Consider the universality theorem of the uniform distribution. One way to formulate it is the following: Let $F:\mathbb{R}\rightarrow [0,1]$ be a right continuous, increasing function. Then, if $X\sim F$ (ie. $X$ is a random variable that has CDF $F$) then $F(X)\sim Uniform(0,1)$.
While I can prove it, I am confused about the concept of plugging $X$ (a random variable) into its CDF.
$X$ is a random variable, that is, X is a mapping from the sample space $S$ to $\mathbb{R}$ (considering 1-dimensional scenario). $X\sim F$ means $F(t)=P(X\le t)$ where "$X\le t$" is an event, "$X\le t$"$=\{s\in S: X(s)\le t\}$. The domain of $F$ is $\mathbb{R}$. How could we even imagine the concept of $F(X)$? $X$ is a function, coming from the space of functions, not the domain of $F$. And what would $F(X)$ even be, $P(X\le X)$? What event is "$X\le X$"? This is so weird and confusing.
$X$ is a function from $S$ to $\mathbb R$, $F$ is a function from $\mathbb R$ to $\mathbb R$, so $F(X)$ is just a composition of functions $F(X(s))$.
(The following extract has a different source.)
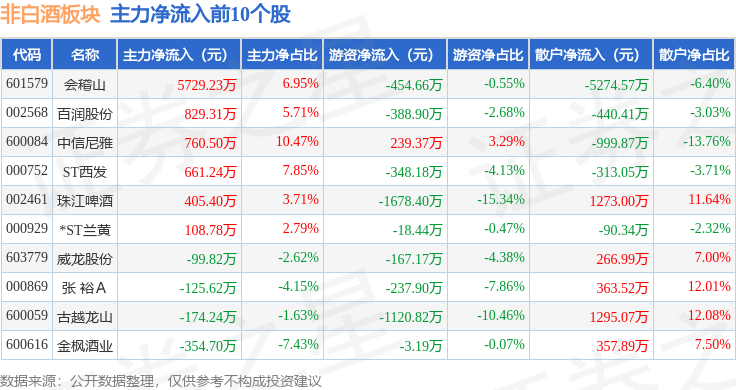 从资金流向上来看,当日非白酒板块主力资金净流出2891.23万元,游资资金净流出3245.93万元,散户资金净流入6137.16万元。非白酒板块个股资金流向见下表:

For example, let $X$ be an exponential random variable with unit mean. Then $F(t)=1-e^{-t}$ for $t\geq 0$. And $F(X)=1-e^{-X}$.
More concrete, for each $s\in S$, $X(s)\in\mathbb R$ is a real number, so $$ F(X(s)) = \mathbb P\{s'\in S~:~X(s')\leq X(s)\} $$ The event $\{X\leq X\}=S$ is not appeared here.